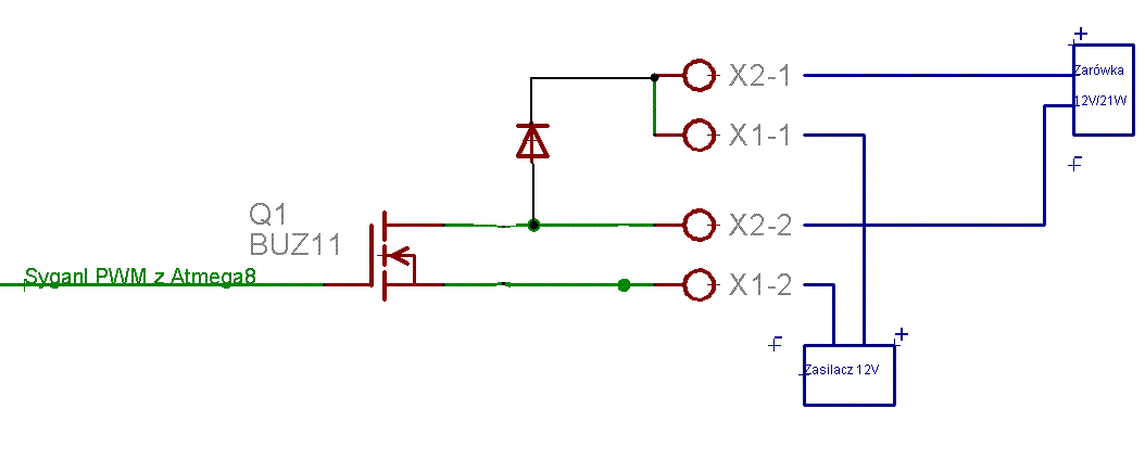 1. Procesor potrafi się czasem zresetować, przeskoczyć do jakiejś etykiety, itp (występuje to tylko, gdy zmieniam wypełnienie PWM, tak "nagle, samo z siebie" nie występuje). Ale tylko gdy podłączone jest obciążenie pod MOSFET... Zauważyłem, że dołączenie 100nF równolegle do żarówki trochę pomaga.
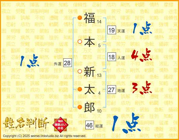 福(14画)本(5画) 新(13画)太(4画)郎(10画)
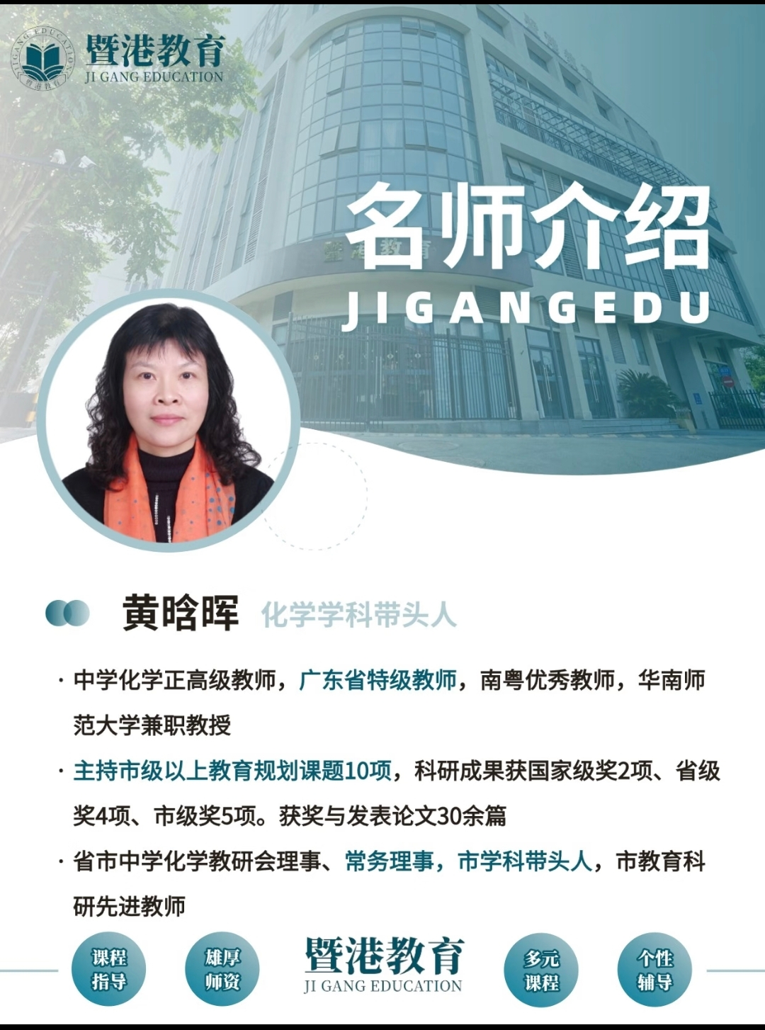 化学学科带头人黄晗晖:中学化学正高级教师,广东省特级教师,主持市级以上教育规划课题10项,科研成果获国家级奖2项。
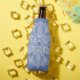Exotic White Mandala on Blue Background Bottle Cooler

════════════════

- _EXERCISE REQUIREMENTS_
Only the pictures stay out; everything else in the listing above must be repeated exactly.

- _EXPECTED OUTPUT_
 1. Procesor potrafi się czasem zresetować, przeskoczyć do jakiejś etykiety, itp (występuje to tylko, gdy zmieniam wypełnienie PWM, tak "nagle, samo z siebie" nie występuje). Ale tylko gdy podłączone jest obciążenie pod MOSFET... Zauważyłem, że dołączenie 100nF równolegle do żarówki trochę pomaga.
 福(14画)本(5画) 新(13画)太(4画)郎(10画)
 化学学科带头人黄晗晖:中学化学正高级教师,广东省特级教师,主持市级以上教育规划课题10项,科研成果获国家级奖2项。
Exotic White Mandala on Blue Background Bottle Cooler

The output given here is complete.